[Records from a collection]
⁂

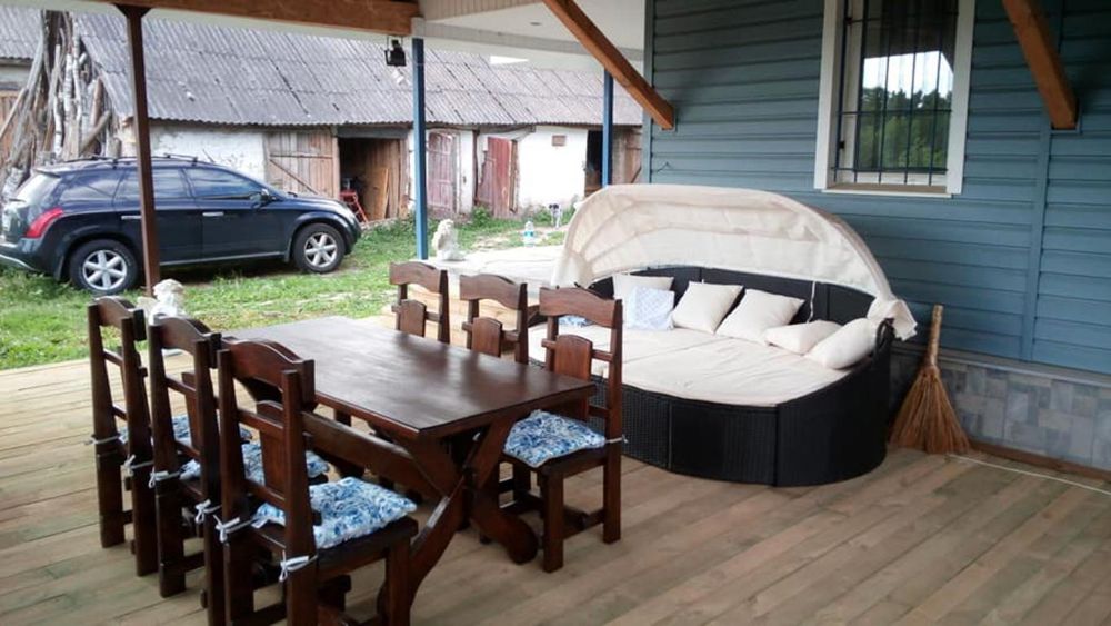 Горище заповнене сіном, є дрова. Вуличний дерев'яний туалет.
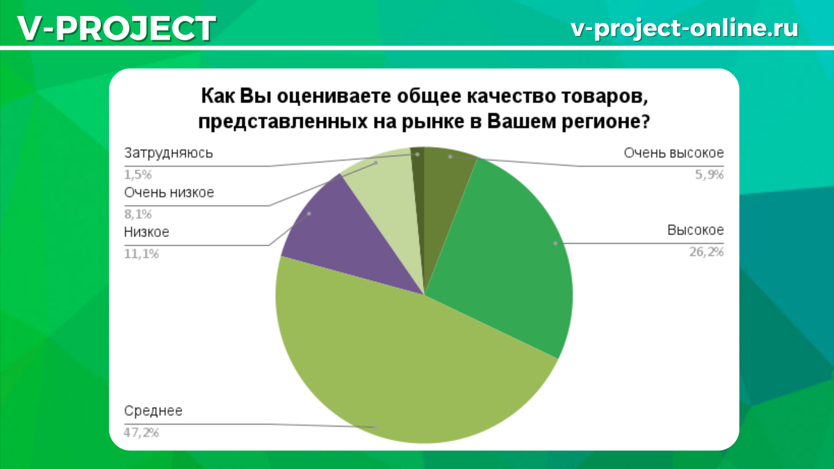 Большинство россиян (47,2%) оценивают общее качество товаров на рынке как среднее, а 26,2% – как высокое. При этом 11,1% считают его низким, а 8,1% – очень низким. Лишь 5,9% назвали качество очень высоким, а 1,5% затруднились с ответом.
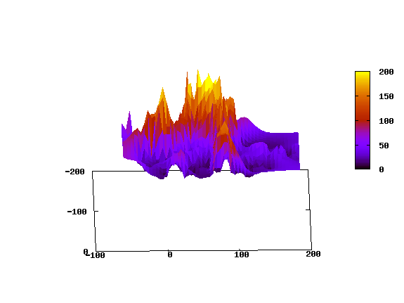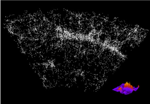 Below there is a reconstruction of the three dimensional fluctuation field in the SDSS survey. A larger scale structure, the Great Wall in this case, appears as a mountain chain, i.e a spatially extended structure.
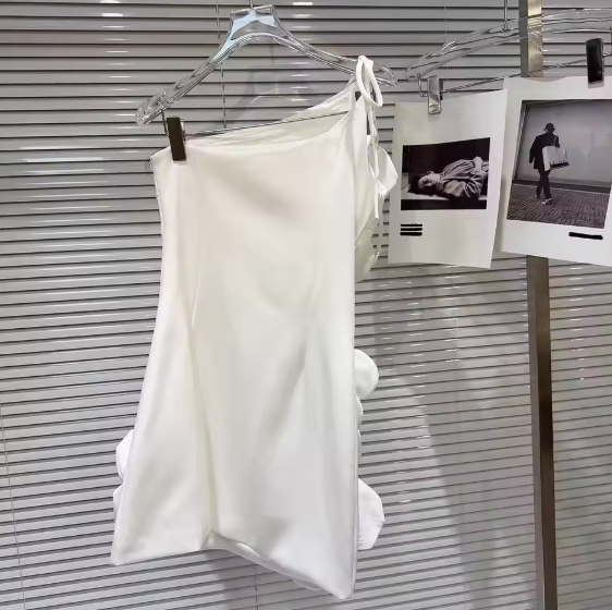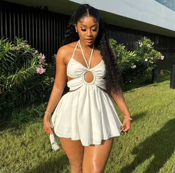 CM.YAYA 2024 Women Halter Strap Sleeveless Mini A-Line Dress Sexy Beading Backless Streetwear Evening Night Club Party Dresses
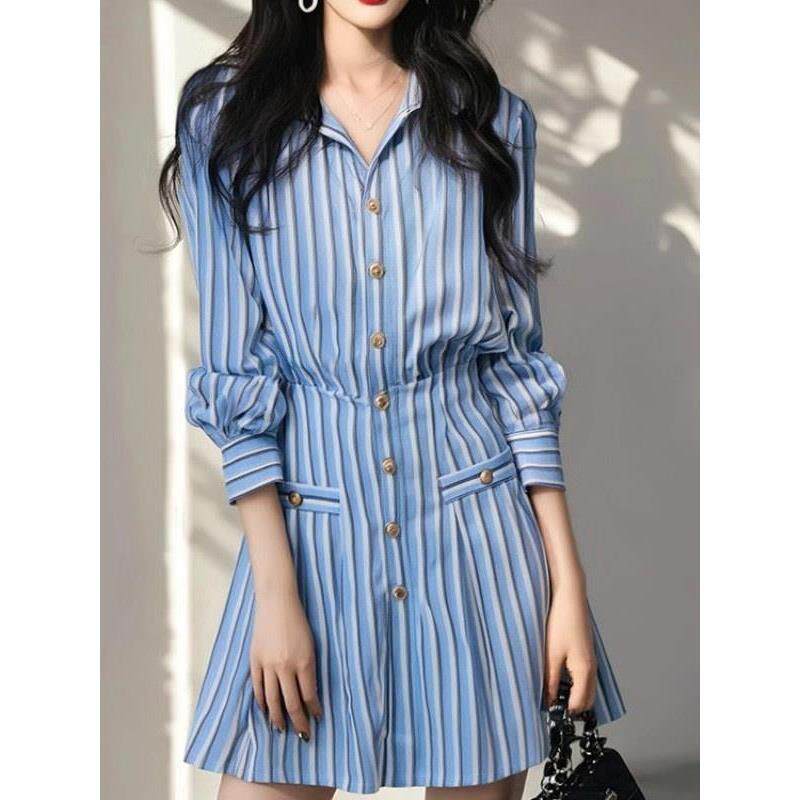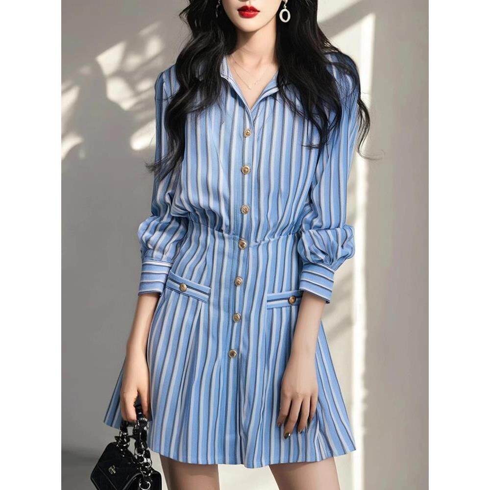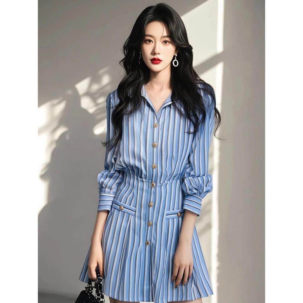 MONLOUVE品牌高级感经典翻领收腰条纹百褶长袖短款连衣裙女秋
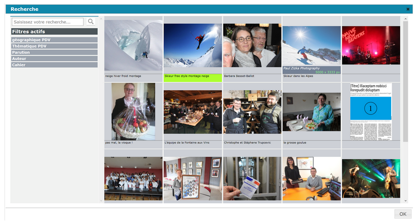 En cliquant sur la loupe, une nouvelle fenêtre s’ouvrira pour présenter les photos actuellement disponibles dans la photothèque.
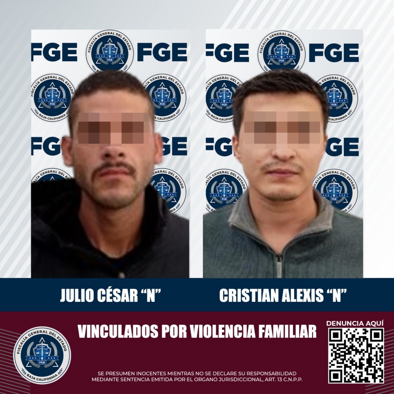 MEXICALI, BAJA CALIFORNIA. - Con base a los elementos probatorios presentados por la Fiscalía Regional de Mexicali, a través de la Unidad de Investigación con Detenidos Poniente, dos hombres acusados de ejercer violencia contra integrantes de su familia fueron vinculados a proceso.
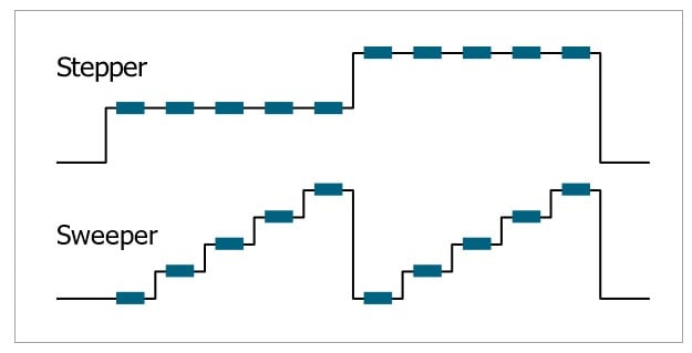 A Stepper channel refers to a channel that performs the “outside sweep” in a nested sweep scenario. For each “step” in the stepper sweep, a different channel can perform an entire sweep. Essentially, a stepper/sweeper configuration is a sweep of sweeps, where the stepper channel applies a bias that changes levels with each step while another channel applies a sweep.
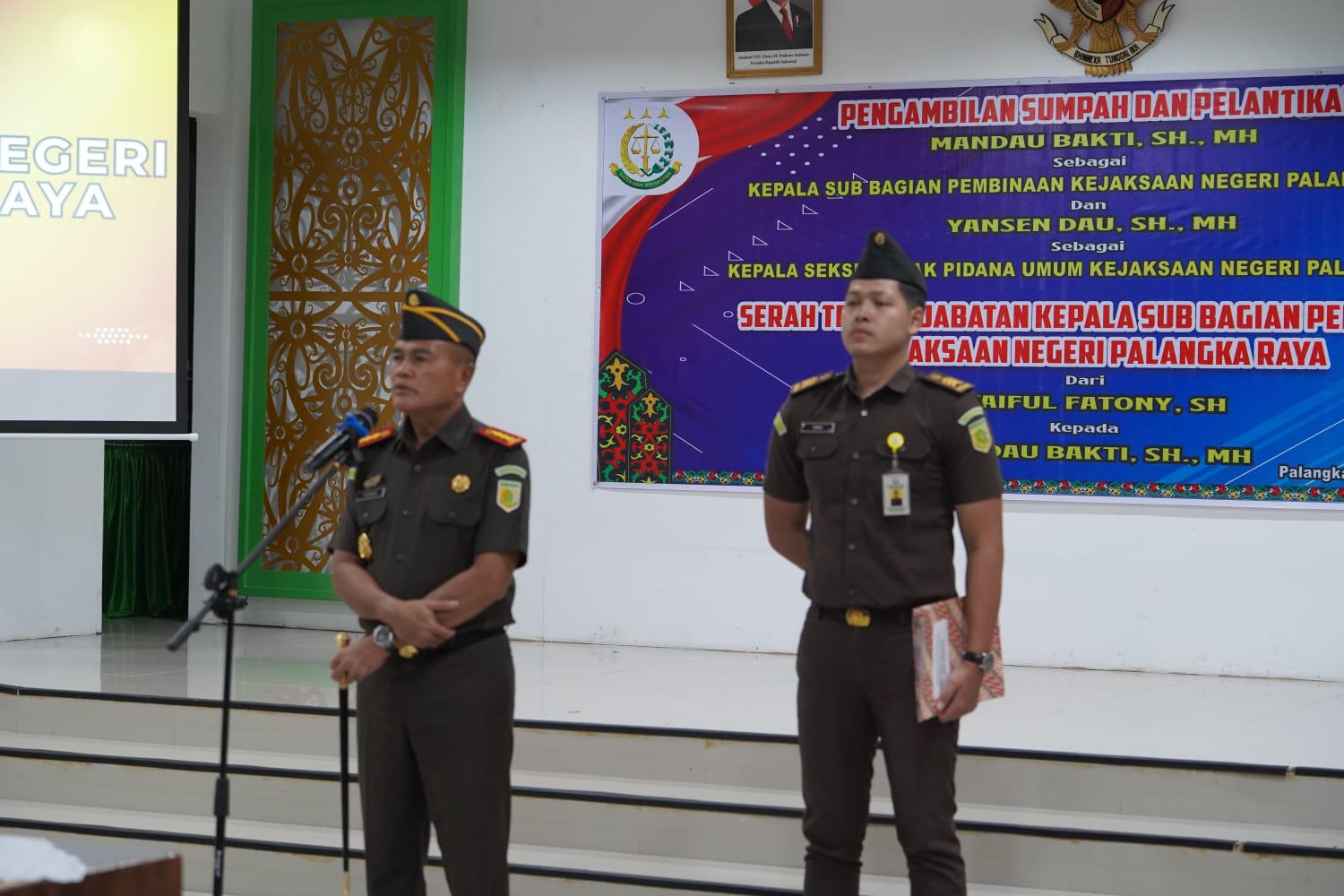 PALANGKA RAYA,inikalteng.com– Kepala Kejaksaan Negeri (Kajari) Palangka Raya, Yunardi, resmi melantik dan mengambil sumpah jabatan Yansen Dau, SH, MH sebagai Kepala Seksi Tindak Pidana Umum (Kasi Pidum) serta Mandau Bakti, SH, MH sebagai Kepala Sub Bagian Pembinaan (Kasubagbin) di lingkungan Kejaksaan Negeri Palangka Raya, pada kegiatan pelantikan yang berlangsung khidmat.

⁂

YOUR TASK:
From the entries above, copy exactly the lines starting at the one with "MEXICALI, BAJA CALIFORNIA." and stopping at the one with "A Stepper channel", keeping both ends. Drop the pictures.

WRITTEN SOLUTION:
 MEXICALI, BAJA CALIFORNIA. - Con base a los elementos probatorios presentados por la Fiscalía Regional de Mexicali, a través de la Unidad de Investigación con Detenidos Poniente, dos hombres acusados de ejercer violencia contra integrantes de su familia fueron vinculados a proceso.
 A Stepper channel refers to a channel that performs the “outside sweep” in a nested sweep scenario. For each “step” in the stepper sweep, a different channel can perform an entire sweep. Essentially, a stepper/sweeper configuration is a sweep of sweeps, where the stepper channel applies a bias that changes levels with each step while another channel applies a sweep.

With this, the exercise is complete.